The non-Newtonian fluids are used in several operations, including the transportation of crude oil, drilling fluids, and hydraulic fracturing fluids. These fluids' flow characteristics can be described by the Carreau model, which helps with the planning and improvement of manufacturing and transportation procedures. Owing to such motivation we have considered the Carreau fluid flow subject to a magnetized flat surface with porosity, heat generation, temperature slip, chemical reaction, and velocity slip effects. The problem is formulated as coupled differential equations. For solution purposes, the order of equations is reduced by performing Lie symmetry analysis. The compact equations are further solved by the shooting method.

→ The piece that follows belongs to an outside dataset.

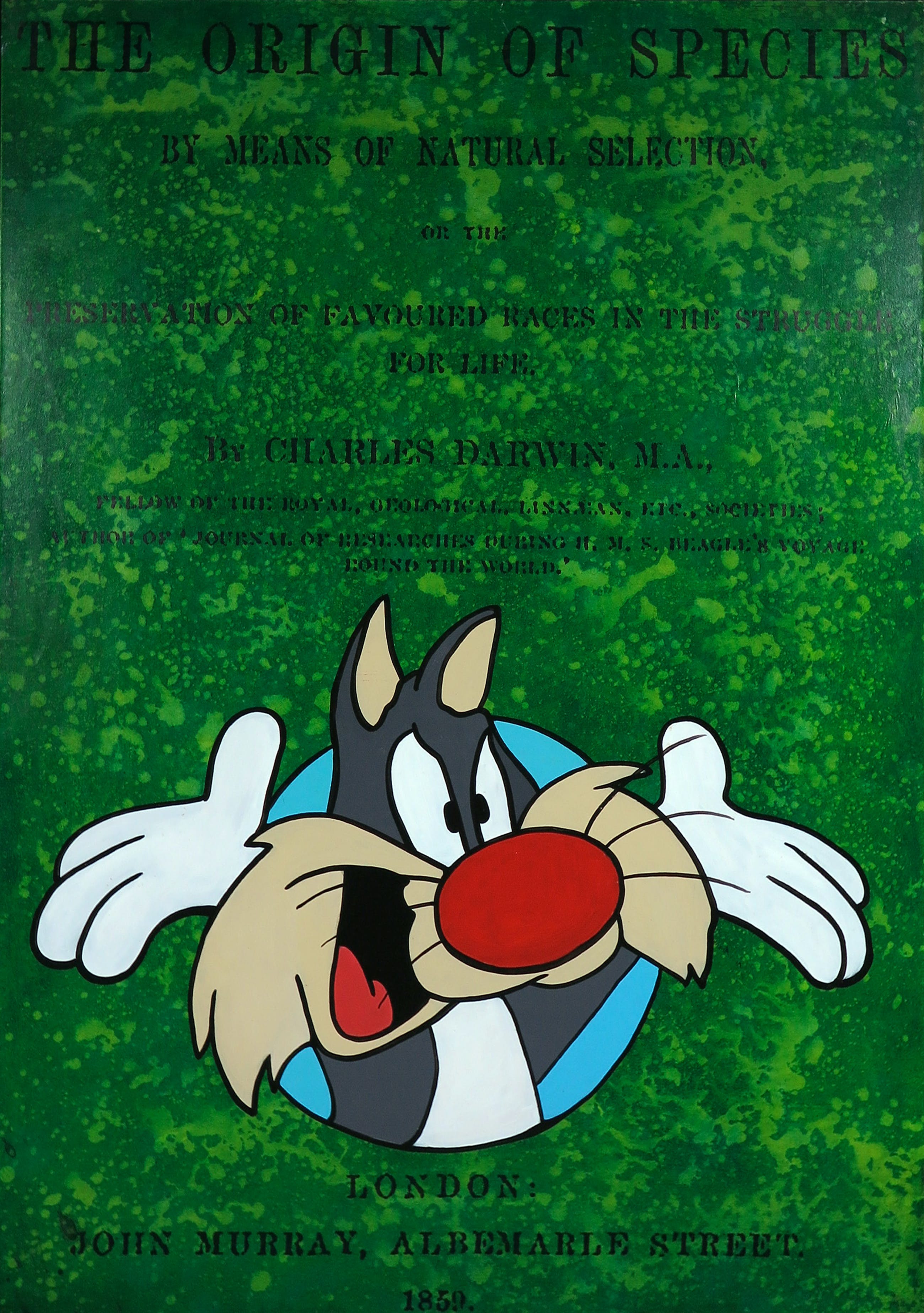 Acryl op papier, verlijmd op doek, over hardboard gespannen (met ophangsysteem). De achtergrond is vervaardigd uit uitvergrote historische boeken of documenten.
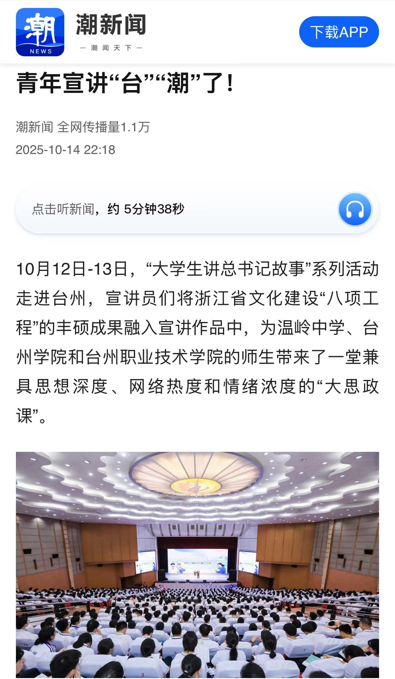 10月12日-13日,“大学生讲总书记故事”系列活动走进台州,宣讲员们将浙江省文化建设“八项工程”的丰硕成果融入宣讲作品中,为温岭中学、台州学院和台州职业技术学院的师生带来了一堂兼具思想深度、网络热度和情绪浓度的“大思政课”。

The evaluation of the mass transfer coefficient for the Carreau fluid model is done by using an Artificial Intelligence based neural model. The Schmidt number, porosity, magnetic, Weissenberg number, and chemical reaction parameters are treated as inputs while the mass transfer rate is taken as output. Owing to 10 neurons in the hidden layer, the network is trained by the Levenberg-Marquardt algorithm. It is found that the mass transfer rate exhibits a direct relation with the Schmidt number and chemical reaction parameter. The magnitude of the Carreau concentration is perceived to be higher for non-porous surfaces when the chemical reaction parameter and Schmidt number exhibit positive change.

Item Type: Article
Additional Information: Indexed by Scopus
Uncontrolled Keywords: Carreau fluid; Chemical reaction; Lie symmetry; Mass transfer; Neural networks; Shooting method
Subjects: Q Science > QA Mathematics
Faculty/Division: Center for Mathematical Science
Centre for Research in Advanced Fluid & Processes (Fluid Centre)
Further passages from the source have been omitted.